Leveraging Hyperscaler Clouds for Machine Learning Inferencing on Cumulocity IoT Data

Authors: @kanishk.chaturvedi @Nick_Van_Damme1

Introduction

In the fast-paced world of IoT, processing and analyzing data in real-time is crucial. With billions of devices generating vast amounts of data, leveraging Machine Learning (ML) is key to turning this information into actionable insights for smarter decisions and automation. However, the computational demands of ML models, especially when dealing with real-time data, necessitate robust and scalable solutions. This is where cloud-based hyperscalers like Amazon SageMaker, Microsoft Azure Machine Learning, and IBM Watson Studio come into play, offering powerful, flexible, and scalable platforms for hosting and executing ML models.

This article explores the integration of real-time IoT data from Cumulocity with these hyperscalers, highlighting the advantages and outlining a workflow for effective ML inferencing. By leveraging the combined strengths of IoT platforms and cloud-based ML services, businesses can unlock unprecedented value from their data, driving innovation and efficiency across industries.
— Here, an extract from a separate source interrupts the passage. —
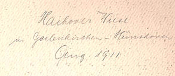 Vintage (Bromöldruck) mit den Maßen ca. 22 x 15 cm, auf Karton aufgezogen, ca. 32 x 24 cm, rückseitig bezeichnet und datiert "Haihover Wiese in Geilenkirchen Heinzhoven", Aug. 1911, rückseitig handschriftliche Dokumentation (wie z.B. Motiv, Tag und Stunde der Aufnahme, Objektiv, Blende, Platte, Druckverfahren, Apparat).

Advantages of Hosting ML Models on Hyperscalers

Before moving on, let’s quickly understand the advantages of hosting ML Models on Hyperscalers!

Leading hyperscalers like Amazon SageMaker, Microsoft Azure Machine Learning, and IBM Watson Studio provide powerful platforms for hosting ML models, each offering distinct benefits for developers and organizations:

  • Scalability: These platforms offer scalability, allowing for the adjustment of resources to meet the demand of ML workloads seamlessly. This ensures that models remain efficient and responsive, even in situations of very high data volumes.
  • Managed Services: These platforms simplify the deployment and management of ML models by handling the underlying infrastructure. This enables developers to concentrate on refining models and deploying new features, rather than on maintenance tasks.
  • No-Code Development: Platforms like AWS with Lookout for Equipment and IBM with AutoAI offer no-code development options, enabling users without deep technical expertise to create and deploy ML models. This democratizes ML, allowing a broader range of professionals to leverage AI for their specific needs, significantly accelerating innovation and implementation across various industries.
  • Global Reach and Availability: With data centers spread across the globe, these platforms ensure that ML models are accessible with minimal latency, regardless of where the end-users or IoT devices are located. This global footprint is critical for applications requiring real-time insights from geographically dispersed data sources.
  • MLOps Capabilities: These platforms also offer robust MLOps (Machine Learning Operations) capabilities, streamlining the entire process of model development, deployment, monitoring, and management. They provide tools for continuous integration and delivery (CI/CD) of ML models, automated testing, version control, and performance monitoring. This enables users to adopt best practices in DevOps for machine learning, ensuring that ML models are not only developed and deployed more efficiently but also remain reliable and accurate in production environments.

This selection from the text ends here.